Prioritizing Hits with Appropriate Trade‐Offs Between HIV‐1 Reverse Transcriptase Inhibitory Efficacy and MT4 Blood Cells Toxicity Through Desirability‐Based Multiobjective Optimization and Ranking

Nonnucleoside reverse transcriptase (RT) inhibitors (NNRTIs) constitute a promising therapeutic option for AIDS. However, the emergence of virus‐NNRTIs resistance was found to be a major problem in the field. Toward that goal, a “knock‐out” strategy stands out between the several options to circumvent the problem. However the high drug or drug‐drug concentrations often used generate additional safety concerns. The need for approaches able to early integrate drug‐ or lead‐likeness, toxicity and bioavailability criteria in the drug discovery phase is an emergent issue.
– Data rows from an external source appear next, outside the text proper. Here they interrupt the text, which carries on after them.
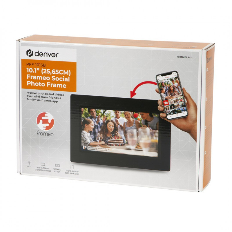Denver PFF-1015B skaitmeninis nuotraukų rėmelis Juoda 25,6 cm (10.1") Lietimui jautrus ekranas „Wi-Fi“
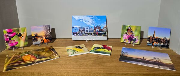 A5 cards, printed on glossy card, blank inside with an envelope provided.
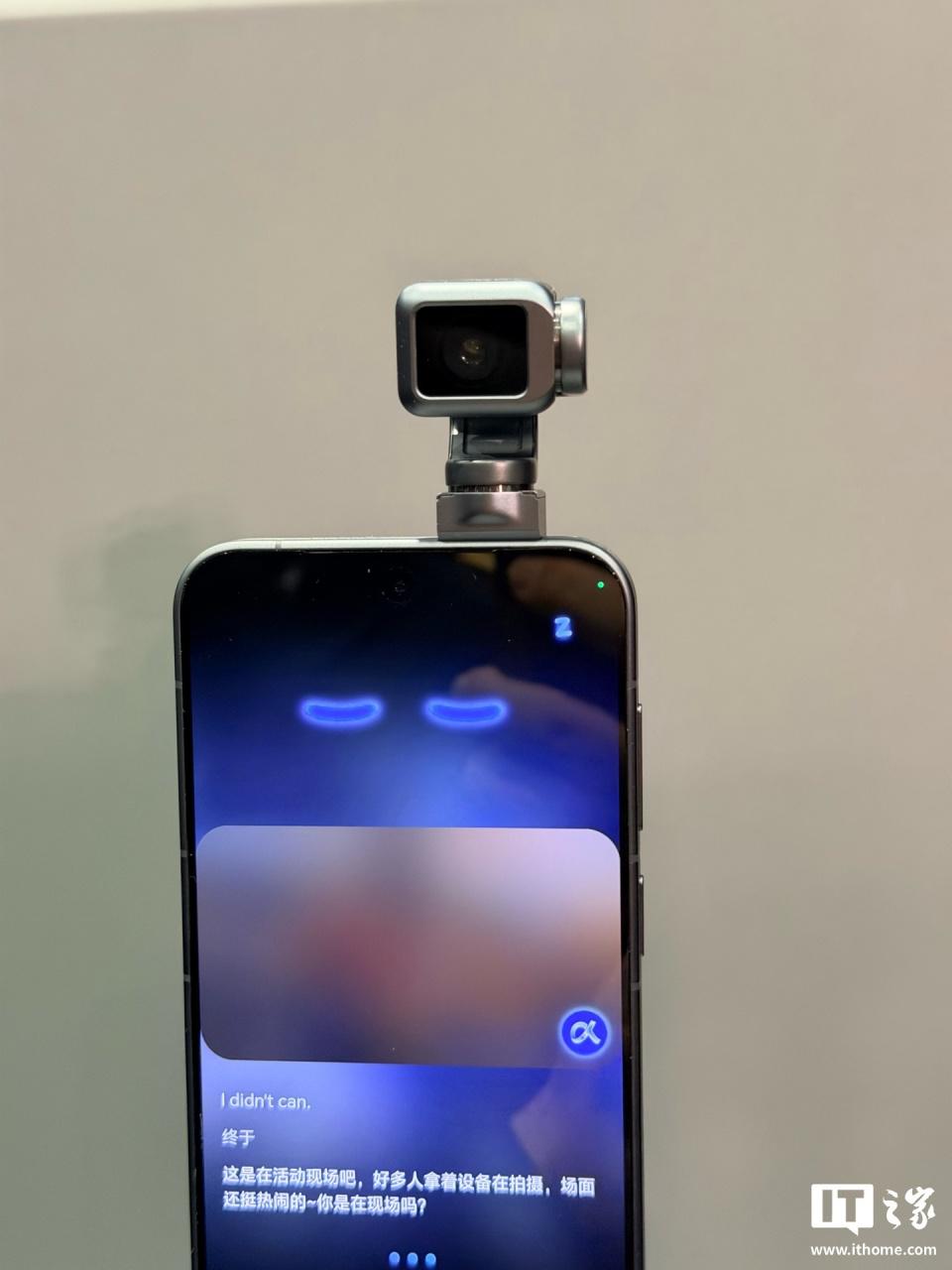 外观方面,Robot Phone 通体银灰色,边框则是采用了拉丝装饰。看起来就是一台正常的智能手机,只不过顶部多了个有点像大疆 Osmo Pocket 的三轴云台相机,同时背面还有 "α"Logo,彰显该机的特殊之处。
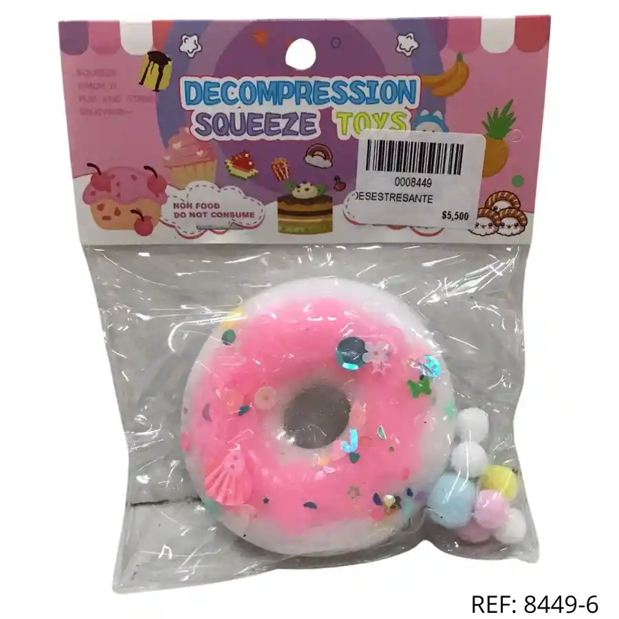 Donut antiestrés rosado con lentejuelas, ideal para jugar y liberar tensión.
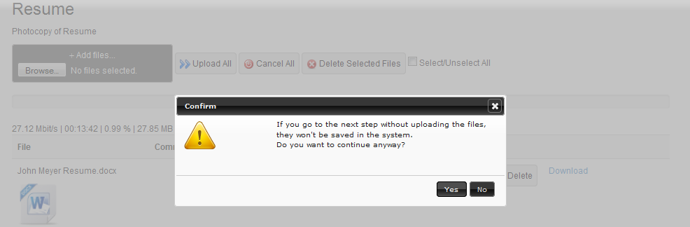 Selecting Yes will cancel the upload, deleting the selected files from the list. If the No option is selected, the files will continue uploading.
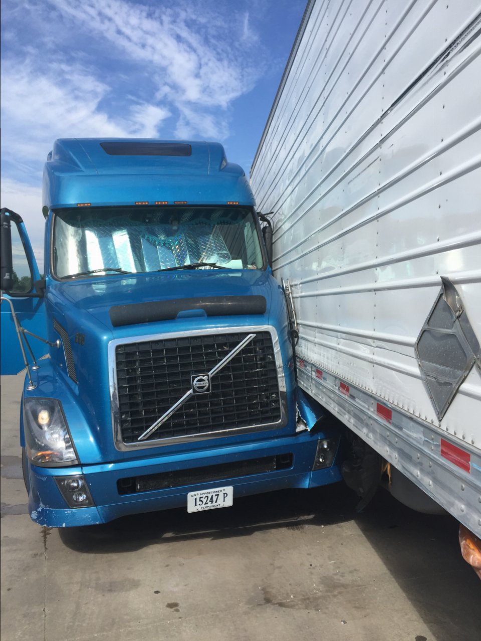 This guy pulled in behind me and was in my blind spot, I looked out that side of the mirror and did not see him.. As I pulled forward, I drove my trailer right into his truck.. Man I felt bad..

Given that, we propose a combined strategy based on desirability‐based multiobjective optimization (MOOP) and ranking for the prioritization of HIV‐1 NNRTIs hits with appropriate trade‐offs between inhibitory efficacy over the HIV‐1 RT and toxic effects over MT4 blood cells. Through the MOOP process, the theoretical levels of the predictive variables required to reach a desirable RT inhibitor candidate with the best possible compromise between efficacy and safety were found. This information is used as a pattern to rank the library of compounds according to a similarity‐based structural criterion, providing a ranking quality of 64 %/71 %/73 % in training/validation/test set. A comparative study between the sequential, parallel and multiobjective virtual screening revealed that the multiobjective approach can outperform the other approaches. These results suggest that the identification of NNRTIs hits with appropriate trade‐offs between potency and safety, rather than fully optimized hits solely based on potency, can facilitate the hit to lead transition and increase the likelihood of the candidate to evolve into a successful antiretroviral drug.